Lucilla (Lucie) Ayer
Executive Director - Hillsborough County "Metropolitan Planning Organization" (MPO)

In the first week of April 1995, near  "April Fool's Day," 48-year-old Lucilla (Lucie) Ayer was named  the de-facto planning-czar, executive director of Hillsborough county's arcane, agenda driven long range transportation planning agency -- the  Metropolitan Planning Organization (MPO).  Ayer, an alumna of the University of Miami where she graduated cum laude with a master's degree in urban and regional planning and an undergraduate degree in urban sociology, was hired into her then new position at a starting salary of  $84,000 and placed in charge of the MPO's 25 person planning bureaucracy. 

Ayer's career path to this position, gained over 65 other applicants, was carefully  orchestrated by her boss,  long-time friend and mentor,  Tom Thomson who had previously resigned as MPO director  in November.  For years, Thomson had been Ayer's most constant and dependable supporter.  In fact, it had been Thomson six-years earlier in 1989,  who had mentored  Lucilla to the Hillsborough county MPO from a Miami post with the Florida Department of Transportation (FDOT), itself a position for which he had earlier hired her.
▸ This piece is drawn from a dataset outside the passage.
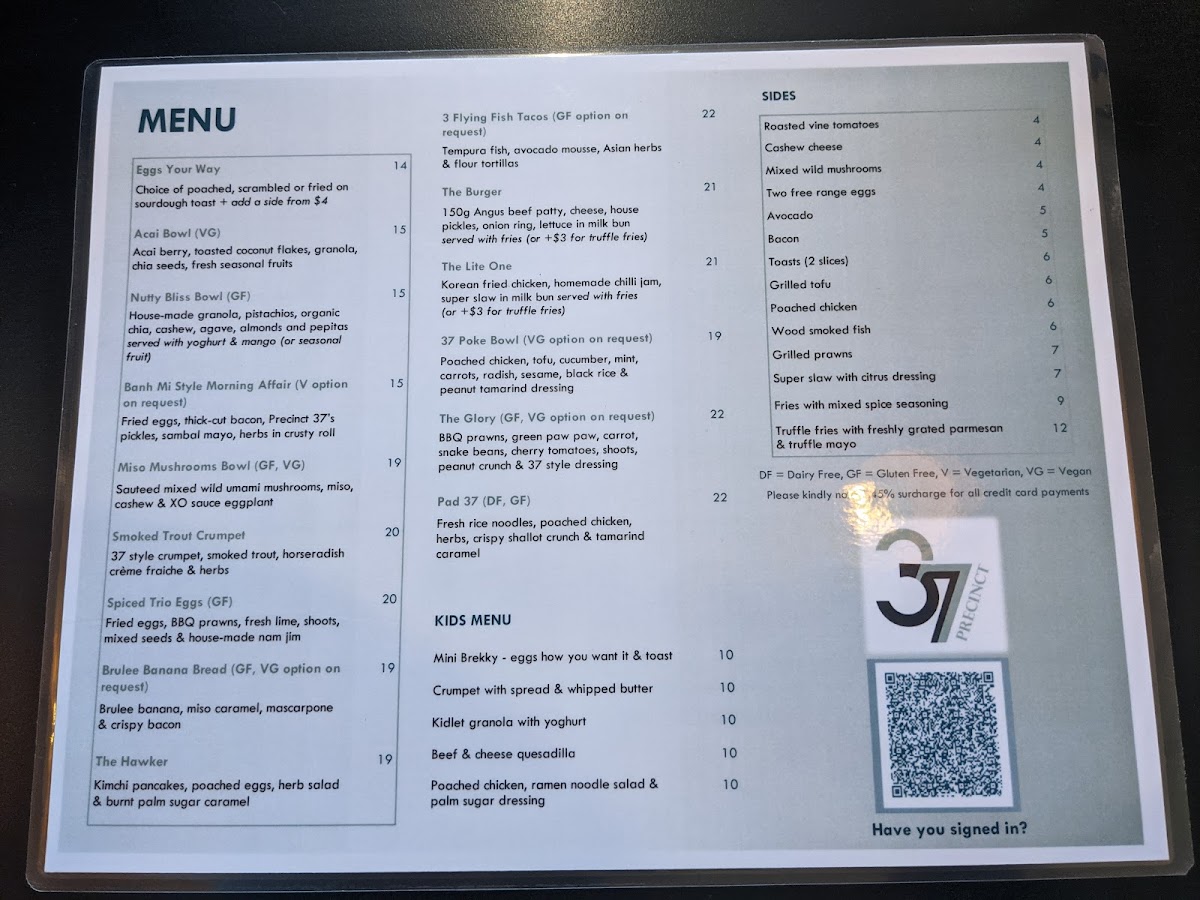 Welcome to Precinct37, a charming café located at 37 Booth St, Annandale, NSW. This local gem offers a delightful menu that caters to diverse tastes. Start your culinary journey with their sides like the Cashew Cheese Creamy, a deliciously rich dairy-free spread, or indulge in the succulent Grilled Chicken, marinated to perfection.

Explained Thomson, "I've hired her twice, and I know she is coming to this job [MPO executive director] with all the qualities and talents she needs. Her experience with the MPO will let her get a running start. She already knows the board members and she knows the issues." 

Robert Hunter, executive director of the Hillsborough County City-County Planning Commission, concurred in  Thomson's recommendation and effected the final hiring decision. On the occasion of Ayer's posting  Hunter explained: "She has a unique background and an intimate knowledge of state and federal laws. It was Ayer's work previous post with the Metro-Dade Transit Agency and experience administrating both aviation, rail, road and transit projects that impressed interviewers. She has a working knowledge of how Metro-Dade developed its multi-modal [rail in particular] operations that we can use in this community." In layman's terms,  Ayer had been a "good soldier" and dependable functionary in that massive economic disaster and  Taxpayer transit ripoff   known as Metro-Dade's MetroRail Metro Mover transit system. 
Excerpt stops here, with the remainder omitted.